So why do people still use PDS files? When PDSEs were first released, they could use excessive CSA (Mainframe memory) and the mainframe needed an IPL to recover. It is not surprising that this lead to PDSE files getting a bit of a bad name. In 2002 a new release of z/OS introduced a restartable PDSE address space, which makes them much more stable, and if problems do occur, the resolution is to restart the address space, rather than the whole machine. PDSEs can now be safely used as a better way of storing small files.
However, PDSEs cannot be used to replace all PDS files as some are not suitable. Unsuitable datasets include; PDS file with a mixture of load modules and non-load modules, files that are read at IPL time, checkpoint datasets, SYS1.PROCLIB, and note lists.

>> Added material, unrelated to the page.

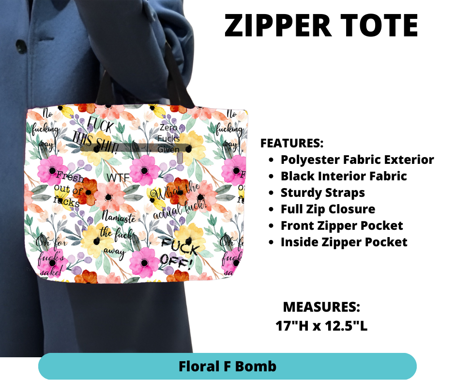 Floral F Bomb Zipper Tote

To allocate a PDSE under ISPF option 3.2, use
data set name type : LIBRARY
To allocate a PDSE using JCL, you either need to use a PDSE dataclass, or use the DSNTYPE JCL parameter.

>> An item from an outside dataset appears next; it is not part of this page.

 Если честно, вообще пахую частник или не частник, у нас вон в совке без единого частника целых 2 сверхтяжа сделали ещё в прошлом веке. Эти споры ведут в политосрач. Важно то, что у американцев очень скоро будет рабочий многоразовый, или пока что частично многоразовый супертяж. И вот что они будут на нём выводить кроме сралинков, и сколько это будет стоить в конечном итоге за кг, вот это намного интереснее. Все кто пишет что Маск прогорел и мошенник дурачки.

//SYSIN DD DSN=SEP.OUTPUT.LISTINGS,DISP=(NEW,KEEP),
Before z/OS V2R1, you could not define a PDSE as part of a GDG, but this restriction is now removed. The PDSE must be SMS managed. If you are running a SYSPLEX with some members at a lower z/OS level that R2V1, then the lower level members will still see the PDSE, but will not recognise it as part of a GDG.
If you want to know if a GDG contains a PDSE, run a LISTCAT against it and look for a new DSNTYPE field. If this is set to 'LIBRARY' for any entry, then that entry is a PDSE.

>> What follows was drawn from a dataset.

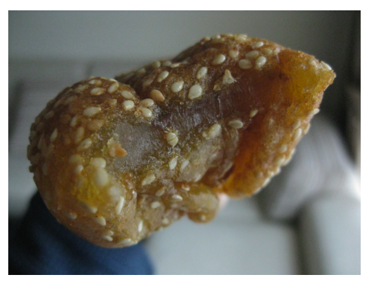 除了芝麻球外,還有一種是將青豆子裝在鐵網製成的盒子(有點兒像是捕鼠器。)放在炭火上烤,

z/OS V2R1 also introduced an improved PDSE version that has improved performance, better space utilisation and reduced CPU consumption. You can either define individual datasets as PDSE version 2 with a JCL parameter, or decide that new PDSEs will be version 2 by default by adding a PDSE_VERSION parameter in your IGDSMSnn parmlib members. From a user's viewpoint, both old and new versions are identical.
The new JCL DD statement parameter is DSNTYPE=(LIBRARY,2), with DSNTYPE=(LIBRARY,1) being the default.
Version 2 PDSEs support multiple levels, or generations, of members, which works in a similar way to GDGs for data sets. When creating a PDSE V2 Dataset you can decide how many generations to retain for replaced members. This means that it is possible to work with older versions of replaced PDSE members. When editing via ISPF use the SAVE NEWGEN option to create a new member generation. The older generation and its aliases will be retained and when the generation limit is reached the oldest generation will be deleted permanently.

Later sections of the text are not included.